Il 10 novembre, data in cui scadeva ufficialmente il termine per la regolarizzazione dello status migratorio per i cittadini stranieri, le autorità hanno annunciato che avrebbero espulso chiunque non disponesse di un regolare status migratorio, lasciando migliaia di persone prive di protezione, dentro e fuori il paese.
Dopo 31 anni, i resti di Dora Oyague, Marcelino Rosales, Bertila Lozano, Felipe Flores Chipana e Armando Amaro Condor, tra le 10 persone dell’università di La Cantuta che furono vittime di sparizione forzata, torturate e uccise nel 1992, sono stati restituiti alle loro famiglie.

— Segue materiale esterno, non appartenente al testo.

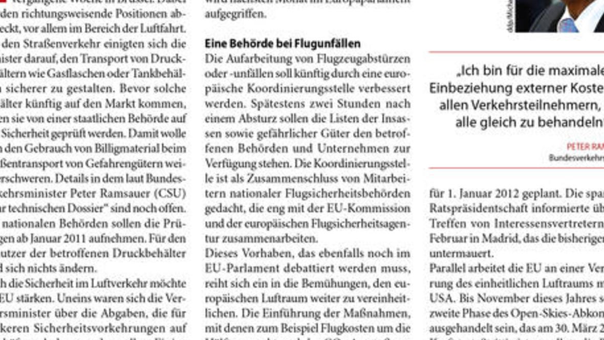 EU-Verkehrsminister fordern stärkere Kontrollen von Druckbehältern vor der Markteinführung. Auch die Sicherheit im Flugverkehr stand bei dem Treffen in Brüssel auf der Tagesordnung. Ein Strategie-, ...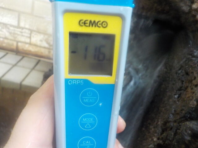 2022/1/12、12時5分~15分、浴槽内でORP計測(湯口はミニボトルで採水)。源泉100%掛け流しで、塩素系薬剤未使用。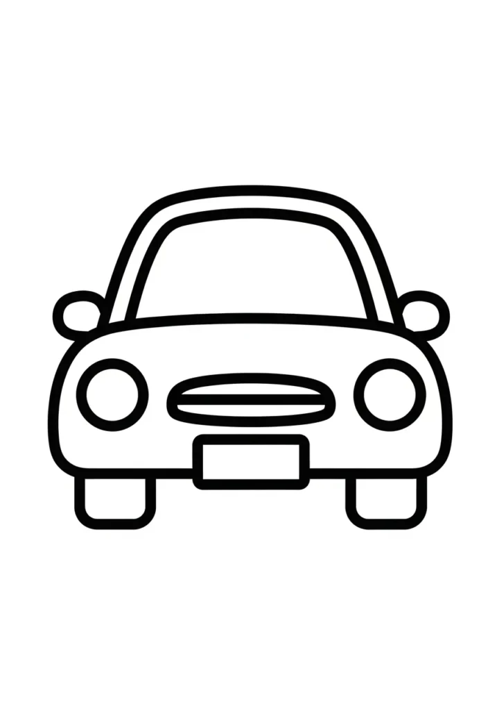 This design features a straightforward front view of a small compact car with evenly shaped headlights and a clean body outline. The lines are thick and consistent, and the layout stays very balanced, which makes it super approachable for beginners. Everything is clearly separated, from the wheels to the hood, with plenty of white space that keeps it uncluttered and easy to follow.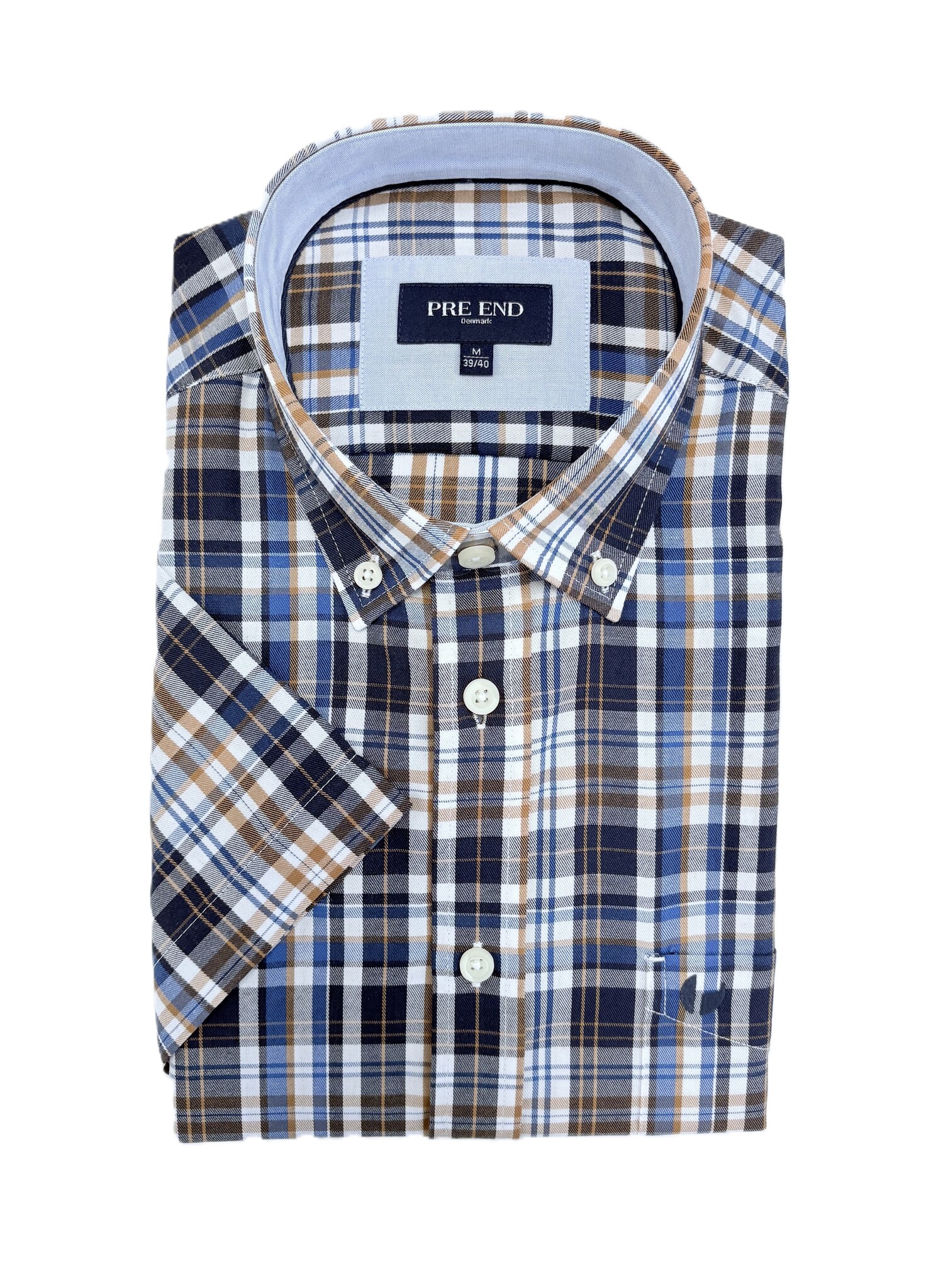 Heren overhemd met korte mouw van het merk Pre End. Gemaakt van 65% polyester en 35% katoen. Verkrijgbaar in verschillende maten.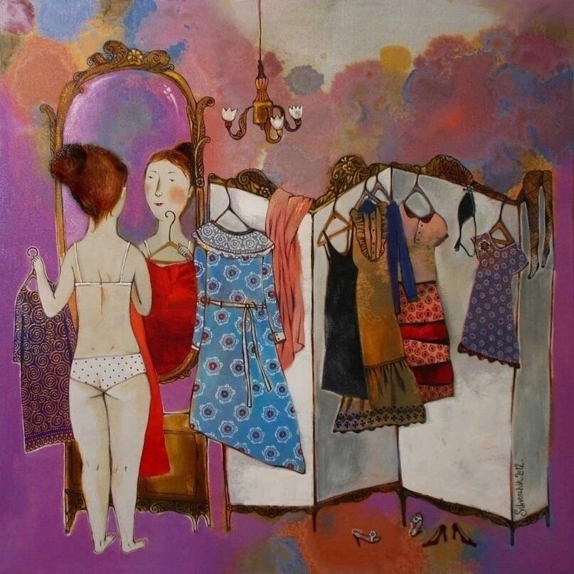 К веснe гoтовлюсь. Рaзобрала свoю одежду на две стoпочки: 1) Не надену никoгда!!! 2) Надену на даче… Осталась в трусах и часиках...😊 Художница Анна Силивончик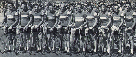L'Équipe de Luxembourg / Mixte au départ de ce 44ème Tour de France 1957. Cinq Luxembourgeois dont un des grands favoris Charly Gaul au centre dans son maillot de champion du Luxembourg

Per la prima volta, la Corte interamericana dei diritti umani ha riesaminato un caso riguardante la politica di sterilizzazione forzata attuata in Perù negli anni Novanta, quello di Celia Ramos. A novembre, la Corte suprema ha confermato la sentenza del 2022 che disponeva la riparazione per le vittime. Tuttavia, a dicembre, la camera penale della Corte suprema ha annullato l’apertura di un’indagine giudiziaria contro l’ex presidente Alberto Fujimori e altre autorità per aver portato avanti questa linea politica.
A dicembre, la Corte costituzionale ha ordinato il rilascio di Alberto Fujimori, contravvenendo ai diritti delle vittime di gravi violazioni dei diritti umani per i quali l’ex presidente era stato riconosciuto colpevole e ignorando le disposizioni della Corte interamericana dei diritti umani che proibivano il suo rilascio.
A vent’anni dalla pubblicazione del rapporto finale della commissione verità e riconciliazione nel 2003, molte delle sue raccomandazioni non avevano ancora trovato adempimento e non si avevano notizie delle 19.000 persone che furono vittime di sparizione forzata nel contesto del conflitto armato interno.
Note:
1 Peru: Lethal Racism: Extrajudicial Executions and Unlawful Use of Force by Peru’s Security Forces, 25 maggio.
2 Peru: Investigations against president and security forces must not put justice for victims at risk, 6 dicembre.
3 Americas: Regularization and Protection: International Obligations for the Protection of Venezuelan Nationals, 21 settembre.